1. Start with working code
2. Introduce bug
3. Identify bug
4. Write a regression test
5. Bisect with new test
In many cases you can skip the bisect because the description of the bug makes it clear where the issue is, but not always.
Tests can't prove the absence of bugs, only their presence. Bugs or regressions will slip through.
Bisect is for when that happens and the cause is not obvious.
You can go back and efficiently run a new test across old commits.
Yet, once you've identified a hole, you can write a script to test for it, run `git biset` to identify what commit introduced the hole, and then triage the possible fallout.
To sum up: bisect and tests are not in opposite sides, they complement each other
"What if the unit tests have bugs?"
I get that author learned a new-to-him technique and is excited to share with the world.
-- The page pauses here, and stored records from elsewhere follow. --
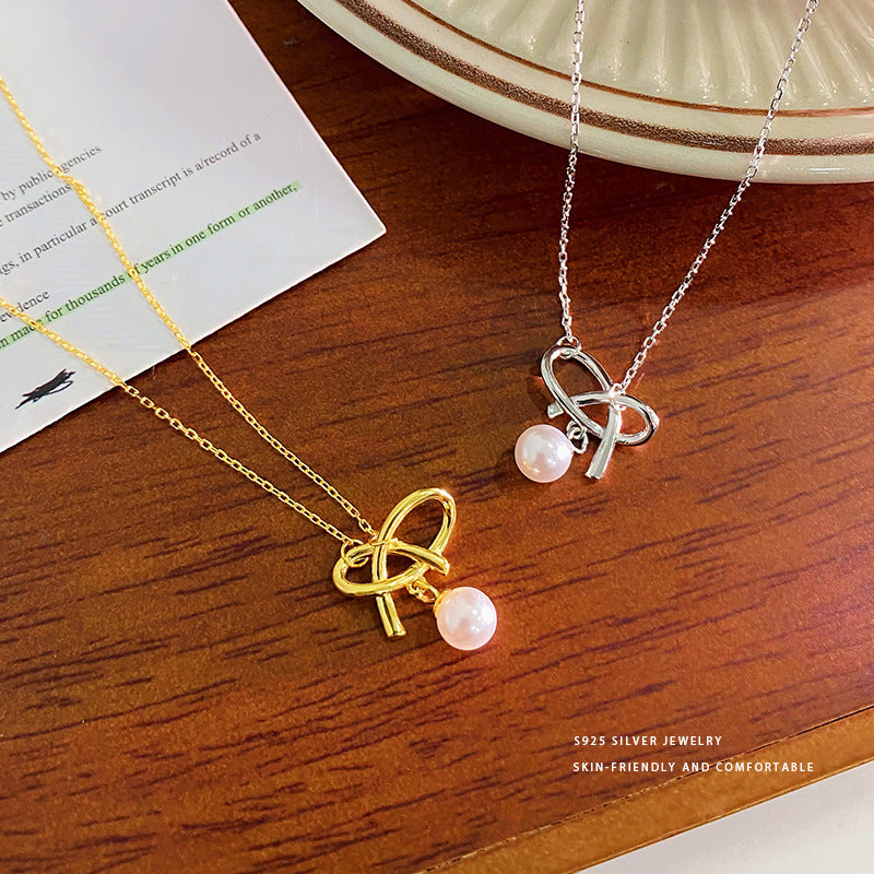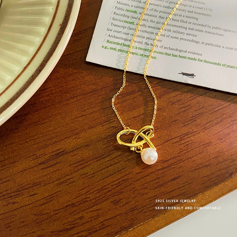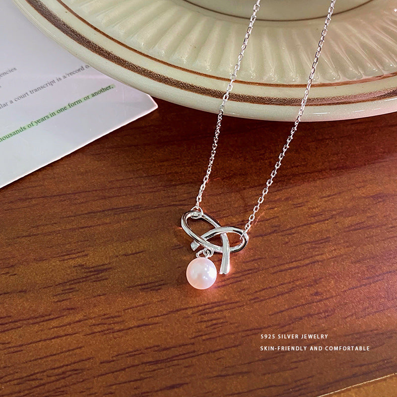 E廠【YC3731N】S925純銀時尚扭結珍珠項鍊女輕奢高級感夏季新款鎖骨鏈 24.04-4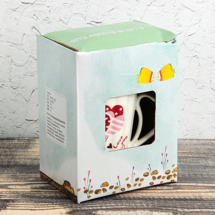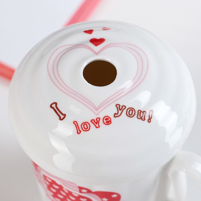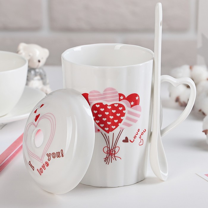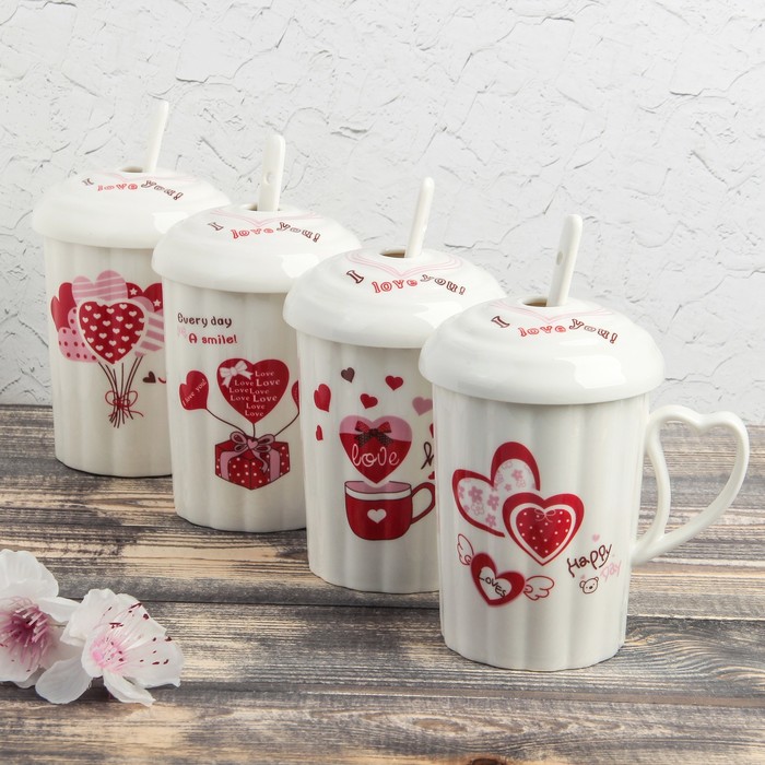 Кружка 400 мл "Валентинка", с керамической крышкой и ложкой, цвета МИКС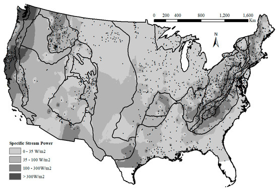 Map of interpolated “available stream power” over the contiguous U.S. The map was prepared using the log values of stream power computed for 1829 points. Black dots on the map indicate the locations of the actual D50 data.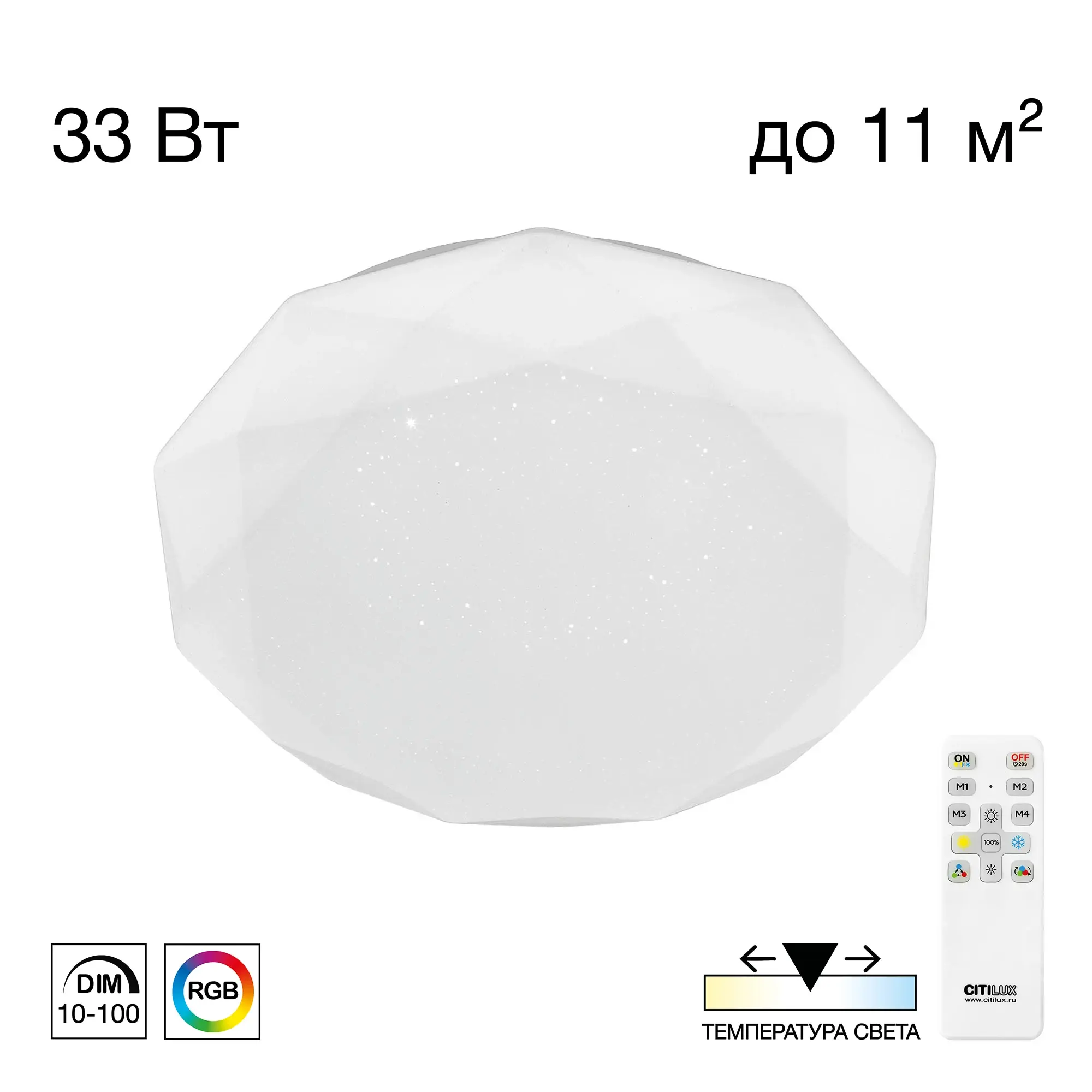 Светодиодная потолочная люстра Citilux Астрон CL733330G с яркой цветной RGB подсветкой всего плафона. Светильник плоский, основание металлическое. Плафон белый глянцевый, с эффектом звездного неба из оптического полимера. Мощность 33Вт, световой поток 2700Лм. Модель с пультом дистанционного управления. Доступна плавная регулировка яркости от 100 до 10%. Плавная регулировка цветовой температурой освещения в диапазоне от 3000К до 5500К, позволяет настроить любые оттенки теплого, нейтрального или холодного света. Цветная RGB подсветка имеет различные режимы работы. Таймер - функция отсроченного на 20сек. выключения. Четыре кнопки памяти позволяют сохранить настроенные режимы работы и включать их с пульта или обычным настенным выключателем. Пульт ДУ инфракрасный в комплекте, тип батареек ААА (батарейками не комплектуется),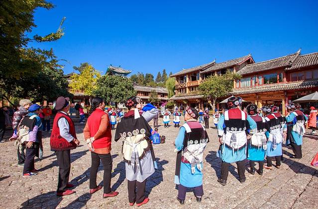 每天早上,四方街上一群身着少数民族服装的老人围在一起跳舞是也一道特别的风景线。

But to this dev, with a rapidly greying beard, the article has the vibe of "Hey bro! You're not gonna believe this. But I just learned the Pope is catholic."
Binary search is one of the first things you learn in algorithms, and in a well-managed branch the commit tree is already a sorted straight line, so it's just obvious as hell, whether or not you use your VCS to run the bisect or you do it by hand yourself.
"Hey guys, check it out! Water is wet!"
I mean, do you really not know this XKCD?